Reflections on fatherhood: The place of mothers' and fathers' friends in children's life

Many children are closer to their mothers’ friends than their fathers’ friends.

Photo credit: Pool

After finishing her exams, Wanjiru had scores of success cards sent to her by relatives and friends. At one point she was arranging them next to me and I was tempted to skim them through them of curiosity.

I noted that besides us parents and close aunts and cousins, the other cards were from the friends of her mother.

This was not overly surprising, knowing friends of the family and how we relate.

But it was a poignant reminder of the silent realignments in family relations, and especially the unfolding matriarchy.

Where were the friends of the father and how come none was available to send her success cards? It is because none of them has any special personal connections to the children. And in the same measure, it occurred to me that I have hardly ever sent a success card to my friends’ children.

Matriarchy is the state of women-led families, well developed in some animals like elephants.

My community is historically patriarchal, but this is receding perhaps faster than it is imagined.

In my childhood, my father’s friends would visit in the evenings. Once in a while, there would be some muratina brewed at home which they would enjoy.

Those days, we all shared one room, which was also the kitchen and the dining room. Yet those moments at the fireside with mzee and his friends were the best learning and bonding moments of my life.

Most of what I know about the history of Kenya, and especially the liberation movement, I got from my father and his friends. They would discuss life under colonialism, detention, and the onset of independence.

When they got too inebriated, they would sing folk songs and share lots of idioms and jokes. It was a class on history, oral literature, and parental values.

Then, it was common for men to visit their neighbours to do what was popularly called “shortening the evening.”

The last 40 years have seen a fundamental overhaul of the old family order. Today, men have exited the sanctum of the family because their social locus has moved away from their homes. Our meeting point is in the clubs and it is almost taboo to visit friends in their homes except on special occasions.

This looks like a good way to insulate the family from social “evils” in the clubs including alcoholism. But not always so.

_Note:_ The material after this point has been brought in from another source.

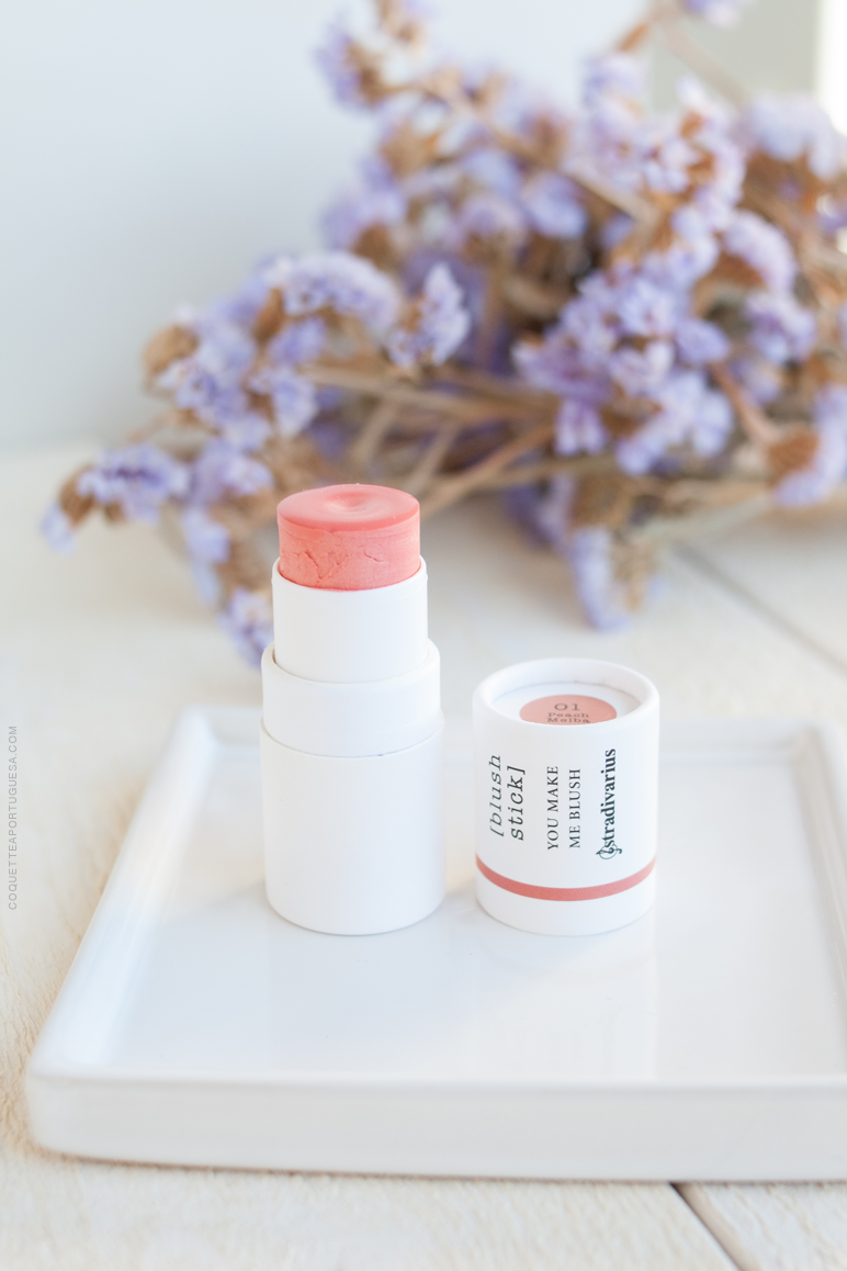 Stick Blush 4g - No tom 01 Peach Melba, é um blush de creme em stick, o tom é um pêssego subtil com brilhantes ultra finos dourados e prateados, é pigmentado e cremoso, fácil de esbater na pele, fica com um aspecto saudável e natural, com acabamento translúcido e luminoso. O menos bom dele é que não aguenta muito, não fixa ou seca, é preciso ter cuidado para não o retirar com as mãos sem querer.

Men are at their most creative when they are chitchatting and debating issues in the clubs, talking business, politics, football, and other drunken crap.

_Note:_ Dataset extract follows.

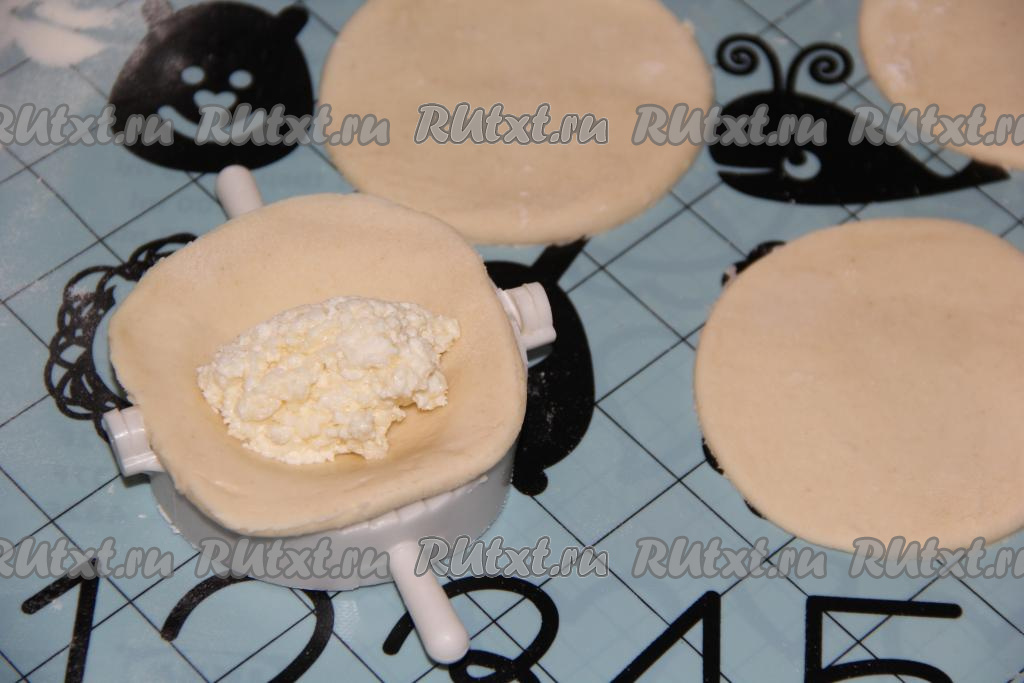 На середину каждого кружка выложить творожную начинку. Я делала крупные вареники и на каждый кружок выкладывала по 1 столовой ложке начинки.

A lot of the things they talk about in the bars would benefit children as explained from my childhood experience. Those tipsy moments are also prime times to mentor children and pass over community wisdom and even entertain.

If my father’s social engagement with friends was all confined to the bar, so much of him would have eluded us.

As men bond with friends, strangers, and business associates in the clubs, they leave a gap in their families which is being filled by the wives and their friends; perhaps this is why many children are closer to their mothers’ friends than their fathers’ friends.